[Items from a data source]

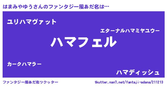 | ヒーロー風カッコイイあだ名 | 『スーパーハマミヤユウ』『幻影騎士ハマ』 |
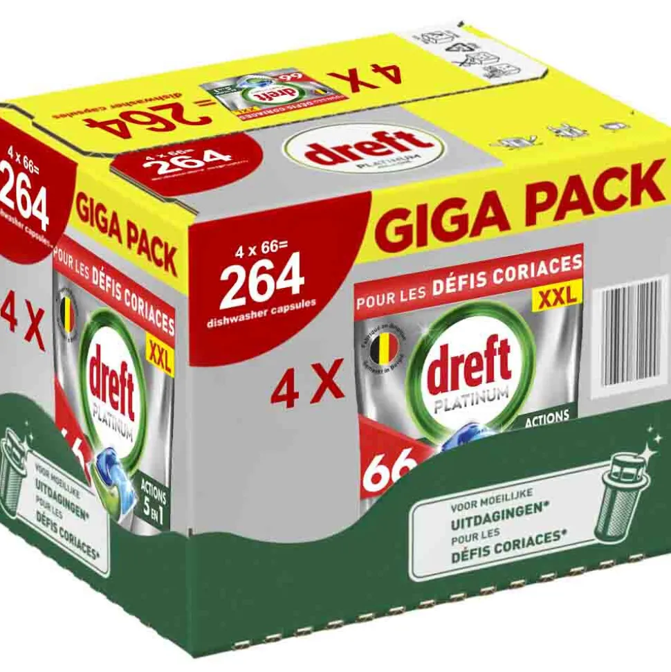 De Dreft Platinum All in One vaatwastabletten leveren een grondige reinigingsactie en reinigen zelfs de hardnekkigste vlekken om je vaat te laten schitteren. Dankzij de reinigingskracht van Dreft Platinum kun je in alle vertrouwen koken wat je wilt, want het haalt zelfs het vet uit je filter, voor een schone vaat en een frisse vaatwasser. Dreft combineert vloeistof en poeder in één krachtige capsule. Het ultra-oplosbare zakje lost snel op, zodat het snel begint te reinigen om de klus klaar te krijgen. En ze zijn gemakkelijk te gebruiken. Plaats ze gewoon in het doseerbakje van je vaatwasser, met verpakking.
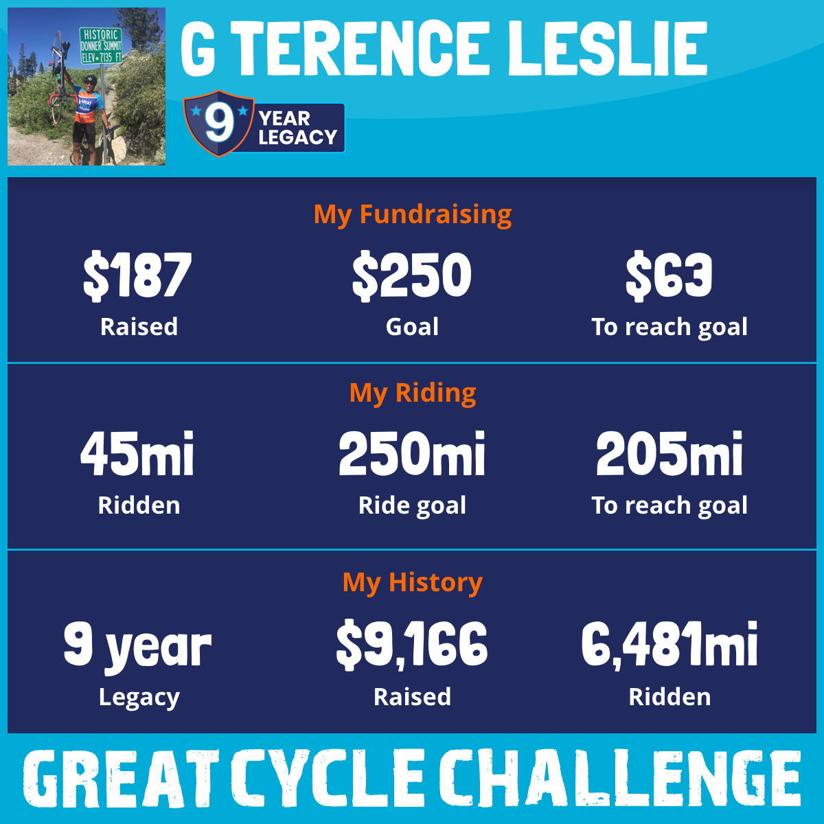 I am riding 250 mi for The kids. Please sponsor me and support my challenge to fight kids' cancer and save little lives. I injured my knee so I cannot ride 400
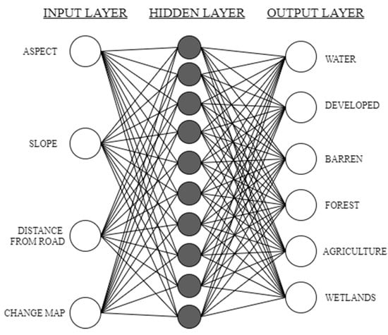 Simulation modules were used to minimize the dynamics of composite urban structures and interpret them in a clear and accessible manner. Studies claim that the CA-ANN method is more effective than linear regression, thus the modules for the land-use change simulation (MOULSCE) plugin were implemented for transition potential modelling and future simulation [54,55]. The MOLUSCE plugin is perfectly adapted to evaluating spatiotemporal land-use changes, transition potential modelling, and predicting future scenarios [54]. The artificial neural network (ANN) was used in association with cellular automata (CA) to predict the land use changes. Because of its dynamic simulation capacity, high efficiency with limited data, simple calibration, and ability to reproduce different land covers and complicated patterns, CA-ANN was chosen to simulate land use change. CA-ANN combines the CA and Markov chain to model land use changes across various categories [56]. ANN was employed in the transition potential modelling to establish trends on the basis of which future prediction will be made. The MOLUSCE plugin within QGIS was executed to establish the spatiotemporal changes with a given time period and calculate the LULC transition to generate the LULC change map. A transition potential matrix was generated in the study between (2001–2011) to create the change map. The ANN-multilayer perception method (ANN-MLP) was employed for the transition potential modelling. Slope, aspect, elevation, and distance from the road were the spatial parameters implemented as input parameters. The structure of ANN-MLP is shown in Figure 4, where the input layer is processed by the hidden layers and produces the output layer containing the reclassified LULC classes. The transition potential model is trained based on the LULC maps of 2001 and 2011, as well as spatial parameters to produce the predicted map of 2021.
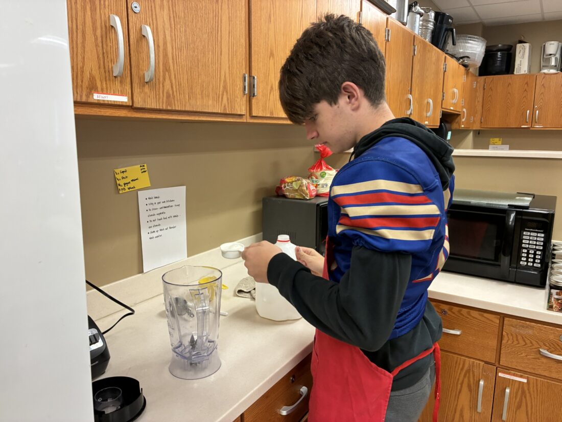 - A student hard at work measuring out ingredients for a smoothie.
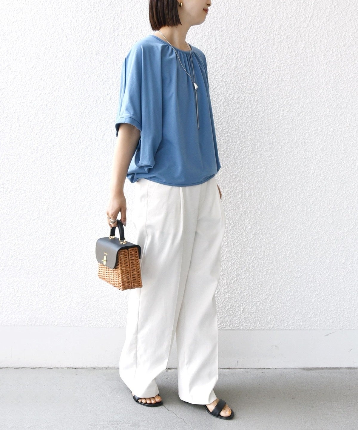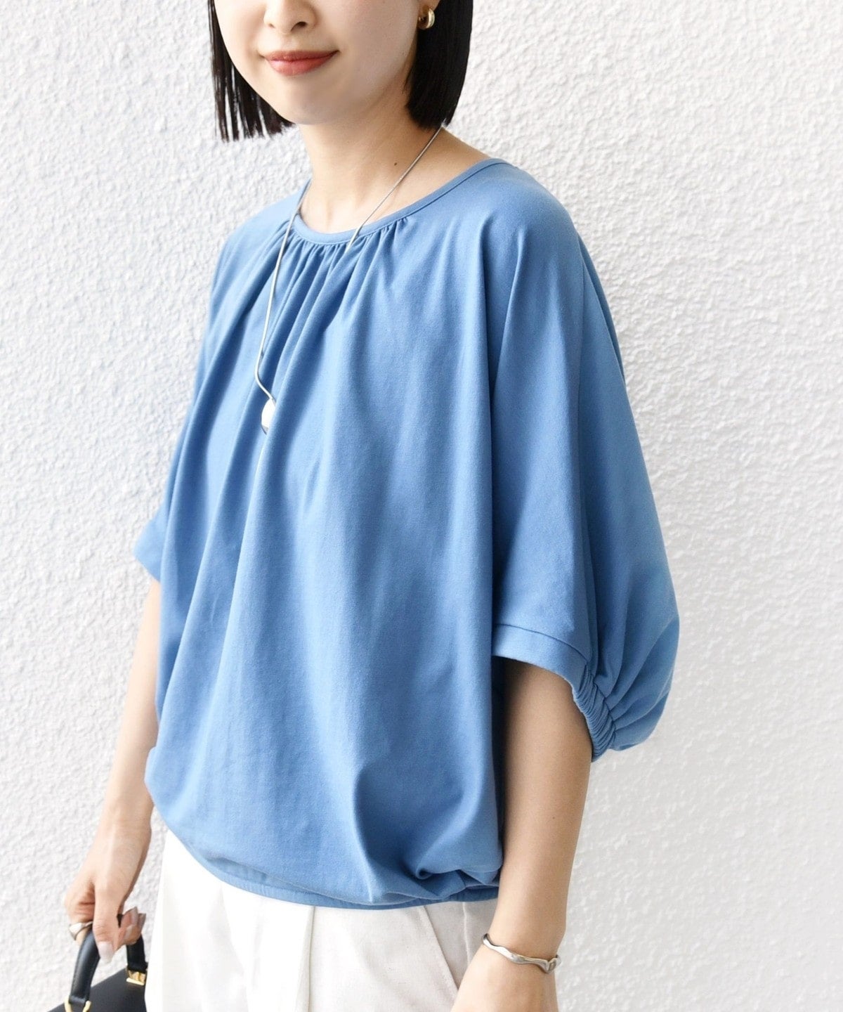 袖丈も5分袖ほどあり、袖口もゆとりがあるので体型を選ばず幅広い方におすすめの形です。
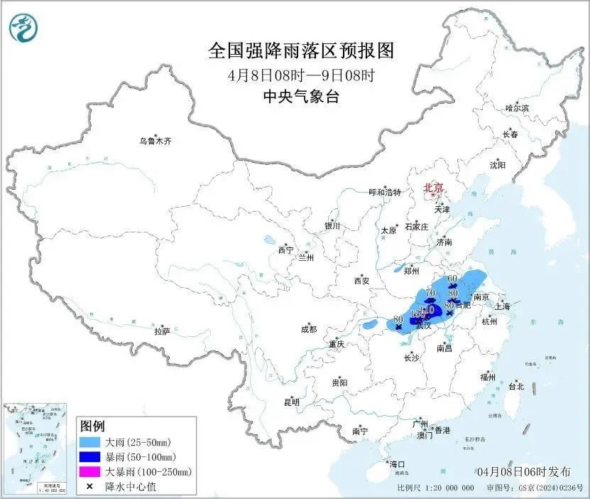 中央氣象臺4月8日6時發(fā)布暴雨藍色預警:
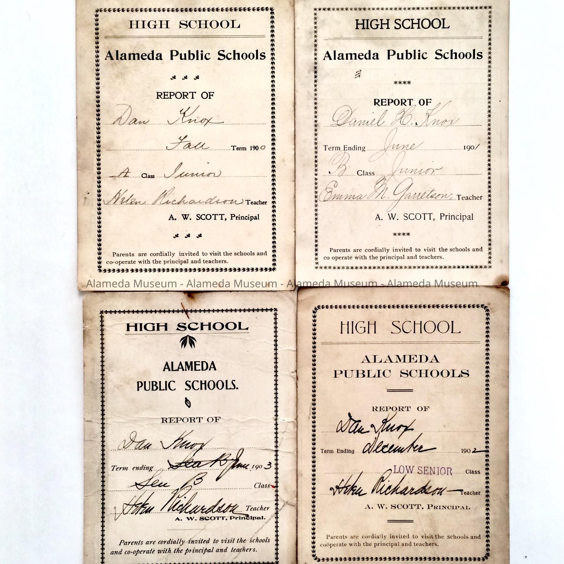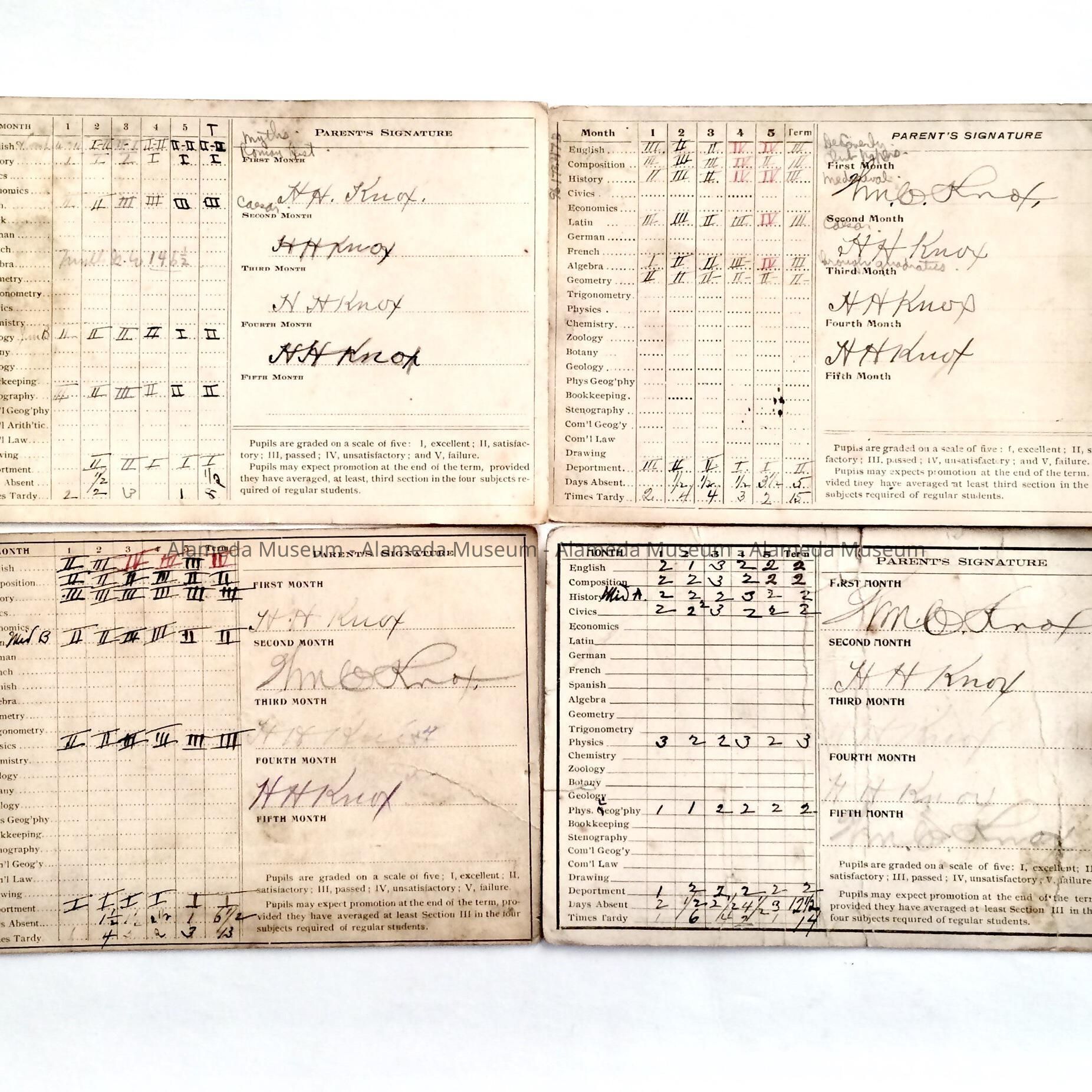 Alameda High School Report Cards of Daniel Knox, 1900-1903Entry/Object ID
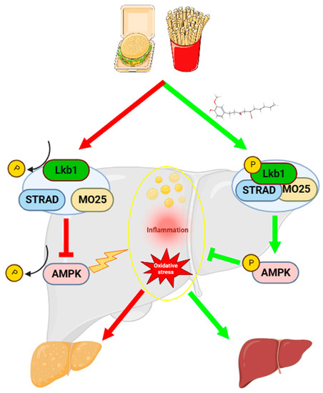 Liver kinase B1 (LKB1, also known as Stk11), one of the main upstream kinases of AMPK, was also the first to be identified. LKB1 forms a heterotrimeric complex with two regulatory proteins termed STE20-related adaptor (STRAD, an inactive pseudo-kinase) and MO25 (an armadillo-repeat scaffolding-like protein). The formation of the LKB1/STRAD/MO25 complex contributes to the cytoplasmic anchoring of LKB1, and thereby activates itself to increase its catalytic activity [12,13]. Activated LKB1 phosphorylates AMPKα at the Thr172 site to activate AMPK. The phosphorylation levels of LKB1 and AMPK were significantly decreased in high-fat diet (HFD) fed mice [14]. Previous studies have demonstrated that some compounds mitigate against NAFLD via the LKB1/AMPK pathway [15,16].
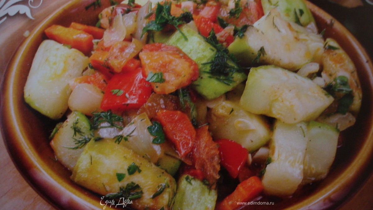 - ПодготовкаОвощи крупно нарезать обжарить лук и морковь, затем добавить кабачок и перец. Когда овощи подрумянятся, добавить помидоры, давленый чеснок и тушить под крышкой 15мин. на медленном огне. Рис отварить.Грибы обжарить. Смешать тушеные овощи с рисом и грибами, заправить оливковым маслом и подавать к столу.
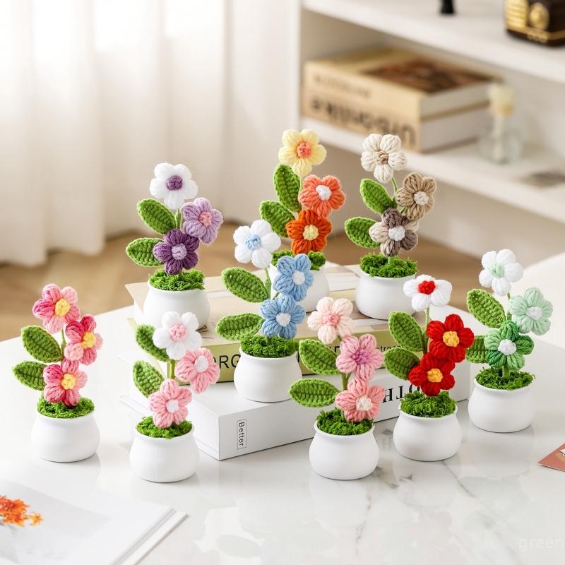 Ruční háčkování Malé rostliny v květináčích Roztomilá simulace květiny Interiér auta Kancelář Dekorace na plochu Umělé květinové dárky
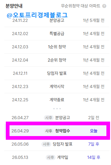 - 청약 접수일 : 바로 오늘! 2026년 4월 29일(수) 09:00 ~ 17:30
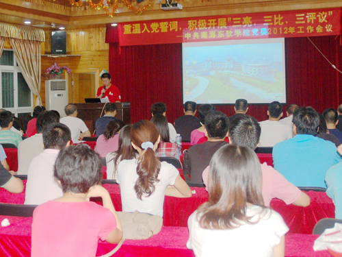 5月12日晚,“重温入党誓词,积极开展‘三亮三比三评议’——院党委2012年工作会议”在罗浮山绿芙蓉渡假轩会议室召开。院党委书记齐志儒、党委副书记杨利、副院长刘春雨和赵宇辰,以及全体党员参加大会。
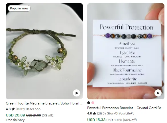 Etsy上玄学手串的市场还是相当不错的,不同款式的手串销量基本上都破千了,定价也都是比较高的。
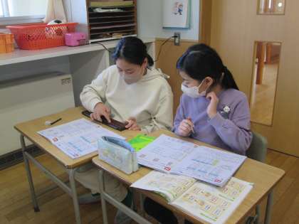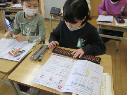 3月20日(月)、算数ではそろばんの学習をしました。初めてそろばんに触れた子も多かったため、最初は苦戦していましたが、やり方が分かってくるとスムーズに計算できるようになりました。
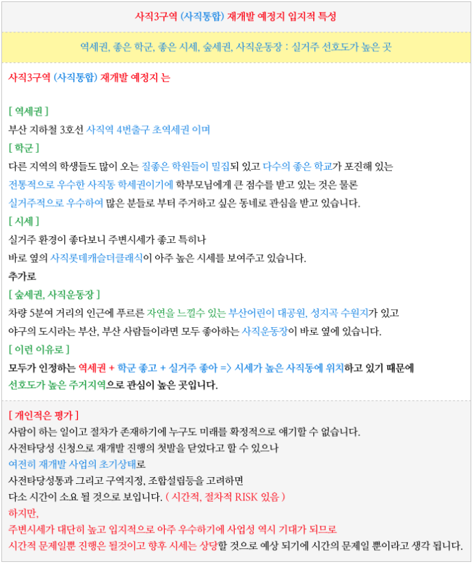 - 사작3구역 은 주변 시세가 워낙 좋아 많은 분들이 기대를 하고 있는 곳으로 짧게 보시기 보다는 조금더 길게 보시는 것이 더 좋아 보입니다.
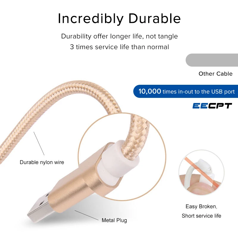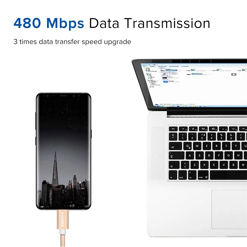 Зарядный кабель EECPT 2.4A Type-C, провод для быстрой зарядки и передачи данных, usb-кабель Type-C для Android, Xiaomi Redmi Note 7, Samsung S10, шнур для передачи данных
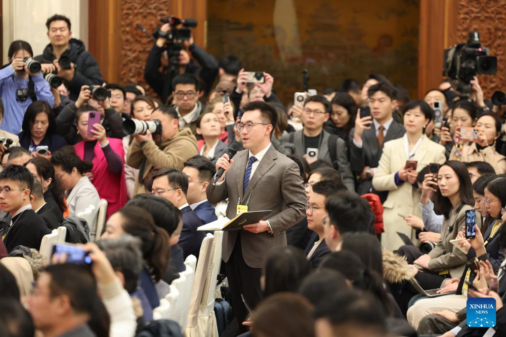 A journalist asks a question at a press conference of the fourth session of the 14th National People's Congress (NPC) at the Great Hall of the People in Beijing, capital of China, March 4, 2026. The NPC, China's national legislature, held a press conference on Wednesday, one day ahead of the opening of its annual session. [Photo/Xinhua]

> **Instructions for the task**:
Reprint all the data above verbatim, excluding pictures.

> **Result of this exercise**:
 | ヒーロー風カッコイイあだ名 | 『スーパーハマミヤユウ』『幻影騎士ハマ』 |
 De Dreft Platinum All in One vaatwastabletten leveren een grondige reinigingsactie en reinigen zelfs de hardnekkigste vlekken om je vaat te laten schitteren. Dankzij de reinigingskracht van Dreft Platinum kun je in alle vertrouwen koken wat je wilt, want het haalt zelfs het vet uit je filter, voor een schone vaat en een frisse vaatwasser. Dreft combineert vloeistof en poeder in één krachtige capsule. Het ultra-oplosbare zakje lost snel op, zodat het snel begint te reinigen om de klus klaar te krijgen. En ze zijn gemakkelijk te gebruiken. Plaats ze gewoon in het doseerbakje van je vaatwasser, met verpakking.
 I am riding 250 mi for The kids. Please sponsor me and support my challenge to fight kids' cancer and save little lives. I injured my knee so I cannot ride 400
 Simulation modules were used to minimize the dynamics of composite urban structures and interpret them in a clear and accessible manner. Studies claim that the CA-ANN method is more effective than linear regression, thus the modules for the land-use change simulation (MOULSCE) plugin were implemented for transition potential modelling and future simulation [54,55]. The MOLUSCE plugin is perfectly adapted to evaluating spatiotemporal land-use changes, transition potential modelling, and predicting future scenarios [54]. The artificial neural network (ANN) was used in association with cellular automata (CA) to predict the land use changes. Because of its dynamic simulation capacity, high efficiency with limited data, simple calibration, and ability to reproduce different land covers and complicated patterns, CA-ANN was chosen to simulate land use change. CA-ANN combines the CA and Markov chain to model land use changes across various categories [56]. ANN was employed in the transition potential modelling to establish trends on the basis of which future prediction will be made. The MOLUSCE plugin within QGIS was executed to establish the spatiotemporal changes with a given time period and calculate the LULC transition to generate the LULC change map. A transition potential matrix was generated in the study between (2001–2011) to create the change map. The ANN-multilayer perception method (ANN-MLP) was employed for the transition potential modelling. Slope, aspect, elevation, and distance from the road were the spatial parameters implemented as input parameters. The structure of ANN-MLP is shown in Figure 4, where the input layer is processed by the hidden layers and produces the output layer containing the reclassified LULC classes. The transition potential model is trained based on the LULC maps of 2001 and 2011, as well as spatial parameters to produce the predicted map of 2021.
 - A student hard at work measuring out ingredients for a smoothie.
 袖丈も5分袖ほどあり、袖口もゆとりがあるので体型を選ばず幅広い方におすすめの形です。
 中央氣象臺4月8日6時發(fā)布暴雨藍色預警:
 Alameda High School Report Cards of Daniel Knox, 1900-1903Entry/Object ID
 Liver kinase B1 (LKB1, also known as Stk11), one of the main upstream kinases of AMPK, was also the first to be identified. LKB1 forms a heterotrimeric complex with two regulatory proteins termed STE20-related adaptor (STRAD, an inactive pseudo-kinase) and MO25 (an armadillo-repeat scaffolding-like protein). The formation of the LKB1/STRAD/MO25 complex contributes to the cytoplasmic anchoring of LKB1, and thereby activates itself to increase its catalytic activity [12,13]. Activated LKB1 phosphorylates AMPKα at the Thr172 site to activate AMPK. The phosphorylation levels of LKB1 and AMPK were significantly decreased in high-fat diet (HFD) fed mice [14]. Previous studies have demonstrated that some compounds mitigate against NAFLD via the LKB1/AMPK pathway [15,16].
 - ПодготовкаОвощи крупно нарезать обжарить лук и морковь, затем добавить кабачок и перец. Когда овощи подрумянятся, добавить помидоры, давленый чеснок и тушить под крышкой 15мин. на медленном огне. Рис отварить.Грибы обжарить. Смешать тушеные овощи с рисом и грибами, заправить оливковым маслом и подавать к столу.
 Ruční háčkování Malé rostliny v květináčích Roztomilá simulace květiny Interiér auta Kancelář Dekorace na plochu Umělé květinové dárky
 - 청약 접수일 : 바로 오늘! 2026년 4월 29일(수) 09:00 ~ 17:30
 5月12日晚,“重温入党誓词,积极开展‘三亮三比三评议’——院党委2012年工作会议”在罗浮山绿芙蓉渡假轩会议室召开。院党委书记齐志儒、党委副书记杨利、副院长刘春雨和赵宇辰,以及全体党员参加大会。
 Etsy上玄学手串的市场还是相当不错的,不同款式的手串销量基本上都破千了,定价也都是比较高的。
 3月20日(月)、算数ではそろばんの学習をしました。初めてそろばんに触れた子も多かったため、最初は苦戦していましたが、やり方が分かってくるとスムーズに計算できるようになりました。
 - 사작3구역 은 주변 시세가 워낙 좋아 많은 분들이 기대를 하고 있는 곳으로 짧게 보시기 보다는 조금더 길게 보시는 것이 더 좋아 보입니다.
 Зарядный кабель EECPT 2.4A Type-C, провод для быстрой зарядки и передачи данных, usb-кабель Type-C для Android, Xiaomi Redmi Note 7, Samsung S10, шнур для передачи данных
 A journalist asks a question at a press conference of the fourth session of the 14th National People's Congress (NPC) at the Great Hall of the People in Beijing, capital of China, March 4, 2026. The NPC, China's national legislature, held a press conference on Wednesday, one day ahead of the opening of its annual session. [Photo/Xinhua]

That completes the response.